## TASK
Reproduce what is written in the records below exactly, and leave out the images.

## MATERIAL SUPPLIED
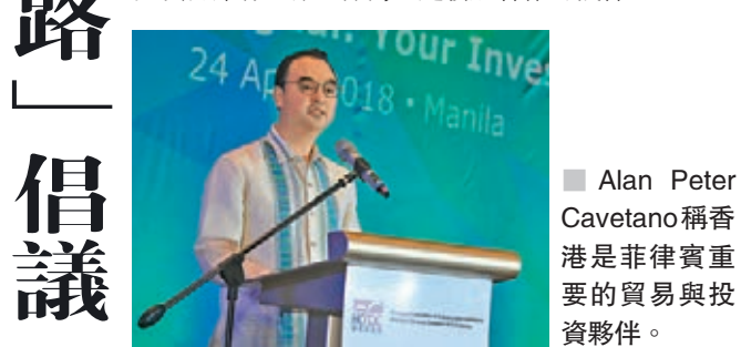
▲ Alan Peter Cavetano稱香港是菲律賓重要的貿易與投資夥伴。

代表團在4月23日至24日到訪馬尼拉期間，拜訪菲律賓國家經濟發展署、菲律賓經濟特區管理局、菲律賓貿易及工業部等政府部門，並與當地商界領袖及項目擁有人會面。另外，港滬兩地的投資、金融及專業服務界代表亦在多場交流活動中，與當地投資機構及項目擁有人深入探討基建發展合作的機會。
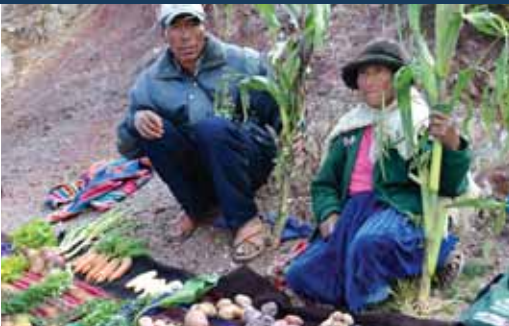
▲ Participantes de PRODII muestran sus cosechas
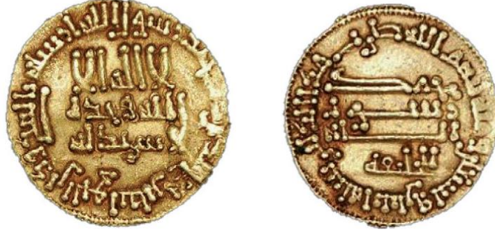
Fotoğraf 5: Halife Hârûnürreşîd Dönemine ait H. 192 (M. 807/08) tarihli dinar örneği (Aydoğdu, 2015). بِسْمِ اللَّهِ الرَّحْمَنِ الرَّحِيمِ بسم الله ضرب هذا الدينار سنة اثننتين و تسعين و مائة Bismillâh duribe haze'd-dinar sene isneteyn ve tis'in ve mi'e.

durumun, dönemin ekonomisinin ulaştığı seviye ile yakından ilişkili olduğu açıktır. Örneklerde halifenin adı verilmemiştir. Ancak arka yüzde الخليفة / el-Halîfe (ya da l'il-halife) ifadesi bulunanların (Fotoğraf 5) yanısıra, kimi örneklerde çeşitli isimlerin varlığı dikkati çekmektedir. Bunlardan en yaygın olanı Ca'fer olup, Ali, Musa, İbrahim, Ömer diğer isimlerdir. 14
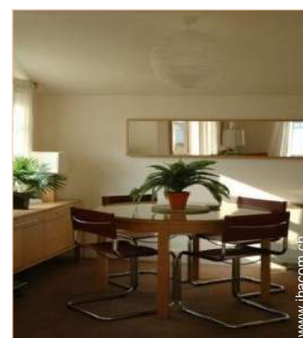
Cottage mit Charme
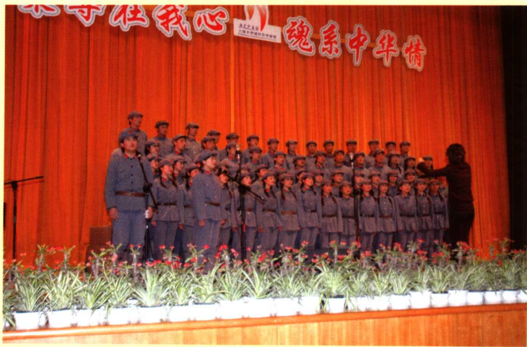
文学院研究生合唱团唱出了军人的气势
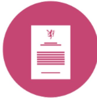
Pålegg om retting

## TASK RESULT
▲ Alan Peter Cavetano稱香港是菲律賓重要的貿易與投資夥伴。

代表團在4月23日至24日到訪馬尼拉期間，拜訪菲律賓國家經濟發展署、菲律賓經濟特區管理局、菲律賓貿易及工業部等政府部門，並與當地商界領袖及項目擁有人會面。另外，港滬兩地的投資、金融及專業服務界代表亦在多場交流活動中，與當地投資機構及項目擁有人深入探討基建發展合作的機會。
▲ Participantes de PRODII muestran sus cosechas
Fotoğraf 5: Halife Hârûnürreşîd Dönemine ait H. 192 (M. 807/08) tarihli dinar örneği (Aydoğdu, 2015). بِسْمِ اللَّهِ الرَّحْمَنِ الرَّحِيمِ بسم الله ضرب هذا الدينار سنة اثننتين و تسعين و مائة Bismillâh duribe haze'd-dinar sene isneteyn ve tis'in ve mi'e.

durumun, dönemin ekonomisinin ulaştığı seviye ile yakından ilişkili olduğu açıktır. Örneklerde halifenin adı verilmemiştir. Ancak arka yüzde الخليفة / el-Halîfe (ya da l'il-halife) ifadesi bulunanların (Fotoğraf 5) yanısıra, kimi örneklerde çeşitli isimlerin varlığı dikkati çekmektedir. Bunlardan en yaygın olanı Ca'fer olup, Ali, Musa, İbrahim, Ömer diğer isimlerdir. 14
Cottage mit Charme
文学院研究生合唱团唱出了军人的气势
Pålegg om retting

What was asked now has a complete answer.